For patients of the Community of Hope and Mary’s Center clinics in Washington, D.C., getting to their medical appointments can be a challenge — many live far from public transit or lack cars. If they’re pregnant, the fallout can be especially harmful if they miss prenatal doctor visits, risking the baby’s and mother’s health.
That’s why ride-sharing company Uber, which has for years been searching for a viable way into the $4 trillion health care market, swooped in to offer hundreds of pregnant patients in D.C. free rides to appointments in 2021 and 2022. Uber says patients who participated in the pilot were slightly more likely to get prenatal care, and it’s shopping the data around to insurers in a bid to get them to pay for the service.
Medicaid plans typically offer patients a benefit covering non-emergency medical transportation, but it often requires providers to call into a third-party dispatch service that can be difficult to coordinate with patients in real time, Community of Hope perinatal care and transportation coordinator Hannah Low told STAT.
Using a consumer app like Uber could make the process of organizing and taking rides easier both for staff and patients — especially when clinics have a designated ride coordinator to guide them, she said. “I can get on a call with a patient and talk through, ‘this is where the car is,’ or patients will call me and say, ‘I can’t see the car,’” she said. “You don’t necessarily have that ability if you don’t have a person who’s able to go into the system and do that.”
The stakes for missing prenatal appointments are high, especially as maternal mortality rates surge year over year; the United States has among the worst rates for high income countries. Black and Indigenous women are two to three times more likely than white women to die from pregnancy-related issues, according to Centers for Disease Control and Prevention data.

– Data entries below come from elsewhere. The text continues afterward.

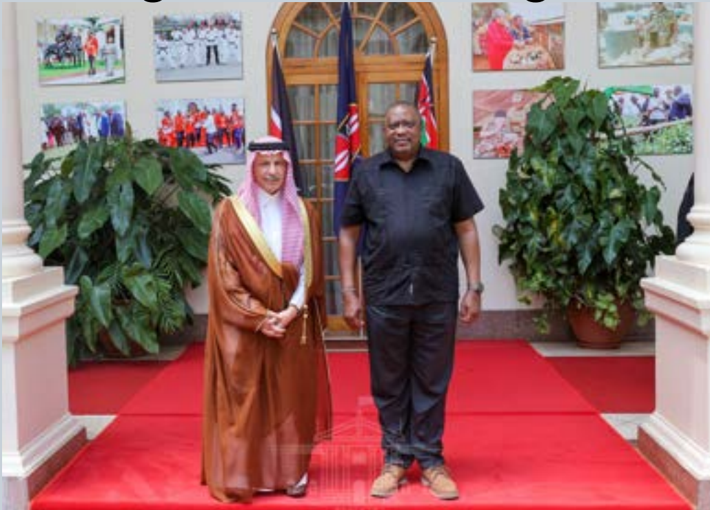
President Uhuru Kenyatta with Special Envoy H.E Minister Ahmed Bin Abdulaziz Kattan who delivered a special message from King Salman bin Abdulaziz Al Saud of Saudi Arabia on April 13, 2022

Kenya and Saudi Arabia continue to exemplify existing relations between the two friendly countries as evidence by the continued efforts to solidify expanding and deepening ties.
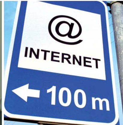
DW-WORLD.DE promotes dialogue - with budding scientists on “Study in Germany” and users in the Arab world.
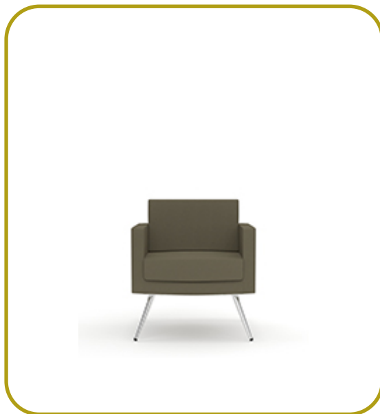
FIFT01 Fifty Series Armchair

In accordance with EN 15804+A2 and ISO 14040 / ISO 14044
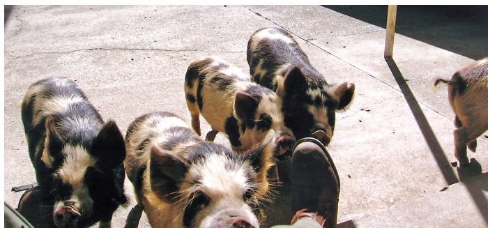
Southland kuni kuni's rushing to hear gossip about their cousins, Arthur and Martha, at OSRS, Hawke's Bay.
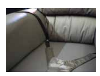
Place the ends of the straps over the arms of the chair ready for the occupant to transfer to the chair.

Sit the occupant into the chair with their pelvis firmly back in the seat and their buttocks on the back edge of the Pelvic Positioner.
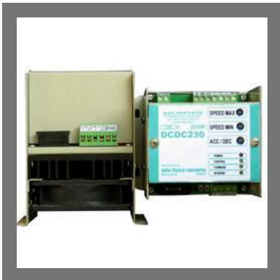
Electric DC Drive
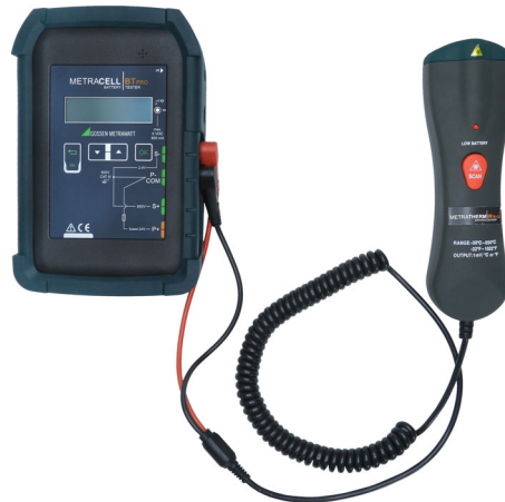
Figure 3: Battery tester with temperature sensor METRATHERM IR BASE (Z680A)
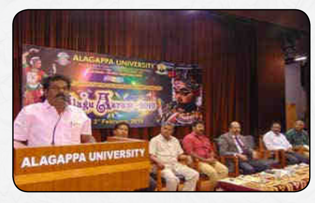
அழகு ஆரம் - 2019

காரைக்குடி அழகப்பா பல்கலைக்கழக கலைமன்றத்தின் (Cultural Club) சார்பில் அழகப்பா பல்கலைக்கழக இணைப்புக் கல்லூரிகளுக்கிடையேயான மாணவர்களின் கலைத்திறன்களை வெளிகொணர்தலுக்கான இரண்டு நாள் போட்டிகளின் (அழகு ஆரம் 2019)
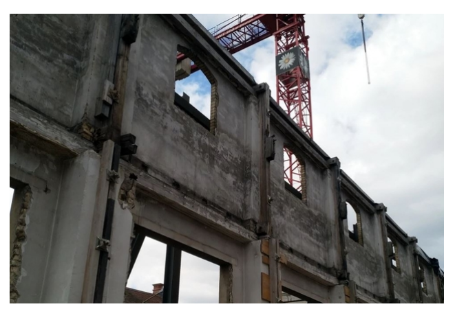
The building was deconstructed except for its facade.
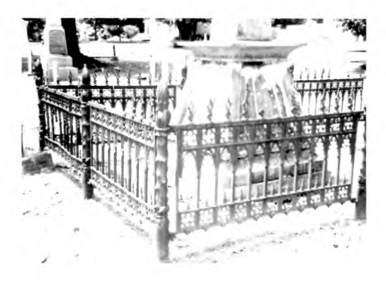
Base of William Brandon's monument in Section 6. See page 43. Two examples of Nineteenth Century iron work.
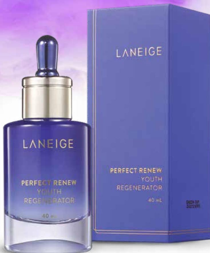
48 | LANEIGE Perfect Renew Youth Regenerator 40ml

Total anti-aging essence that reduces five signs of early skin aging.
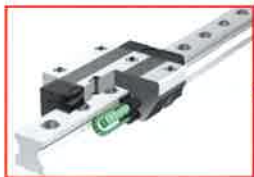
THK Cross Roller Linear Guide Ways
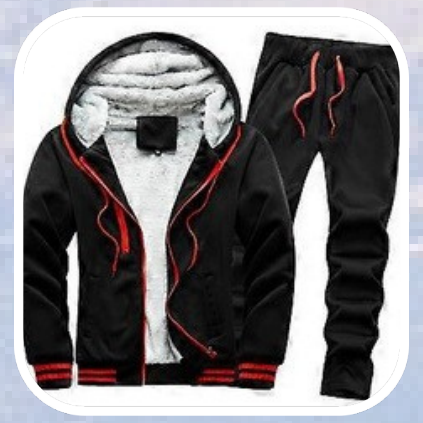
WARM JACKETS /TROUSERS
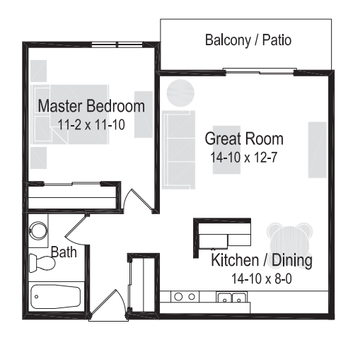
Building 450 1 Bedroom/1 Bath | 625 Sq. Ft
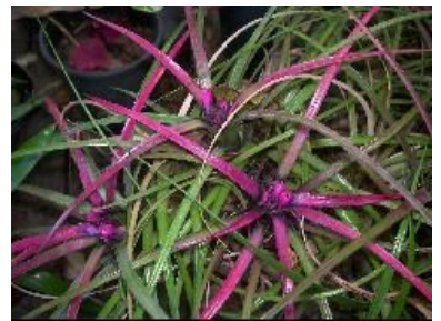
Aechmea recurvata var. benrathii
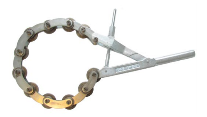
Link Pipe Cutter DS12

“The consequences of not getting prenatal care are devastating,” said Sarah Coombs, director for health systems transformation at the National Partnership for Women & Families, which was not involved in the pilot. Aside from troubling maternal mortality risks, babies whose mothers don’t get prenatal care are more likely than other infants to experience complications, she said.
Uber isn’t the only tech company seeking to address missed appointments. Some, like Babyscripts, offer digital blood pressure cuffs and scales to make it easier for clinicians to monitor pregnant patients, especially when they can’t make in-person appointments. Clinics offering Babyscripts to their patients told STAT earlier this year that the devices could help reduce emergency department visits later in pregnancy.
But clinics that treat largely low-income and underserved populations are limited by what insurance companies agree to pay for, because they and their patients might not have enough cash to pay for services out of pocket. And convincing insurers to offer new benefits takes time, Coombs said.
“It’s a return on investment. They have to show proof that it works, proof that it saves money, proof that it works across the country.”
Inside the pilot
In the middle of last year, a health behavior research company called Surgo Health approached Uber with the idea for the pilot. The goal was studying the impact of geography on health inequities; some members of Surgo’s board knew people at Uber, which was willing to absorb the cost of rides temporarily. Uber’s social impact team also worked on the pilot.
“It’s really obvious that the areas that are the highest risk, where health inequities are happening, are far away from hospitals and not always super accessible via public transportation,” said Hannah Kemp, a vice president at Surgo.
Between January 2021 and June 2022, Mary’s Center and Community of Hope offered roughly 450 patients about 4,500 free Uber rides, either through a special app for coordinators or by giving patients a voucher they could use on their own apps. Rides to and from could run up to $200, Low said.
Much of the legwork fell on ride coordinators, who spoke to patients regularly and understood their individual challenges, such as whether they preferred text messages or relied on a landline. “Having someone embedded in the clinic who can talk to a patient about their rides and their appointments and whatever care coordination needs they have is really special,” Low said.
Still, patients ran out of minutes or changed phone numbers, and it wasn’t always easy to reach them, Low said.
Surgo and Uber said the pilot increased appointment attendance among people who faced transportation challenges by about 5 percentage points, and that about three-quarters of patients said it would be more difficult to get care without the free rides. Patients also said they saved an hour of time per appointment across a total of about a dozen prenatal appointments.
Following the conclusion of the pilot, some state Medicaid plans and managed care groups have agreed to pay for the service, but Uber’s goal is to get more of them to do so outside the scope of the pilot, said its global head of health, Caitlin Donovan. “We believe in a world where you don’t solve a problem grant by grant, study by study.”
Now, Uber’s “spending a lot of time talking with Medicaid plans about how to structure that [transportation] benefit design, and how to administer that benefit,” Donovan said. “Existence of the benefit alone is not enough.”
Still, simply administering rides isn’t enough to address troubling maternal mortality rates and racial disparities facing low-income patients, Katherine Hempstead, senior policy adviser at the Robert Wood Johnson Foundation, told STAT. “Of course the quality of prenatal care matters too, which is a problem that can’t be solved with transportation.”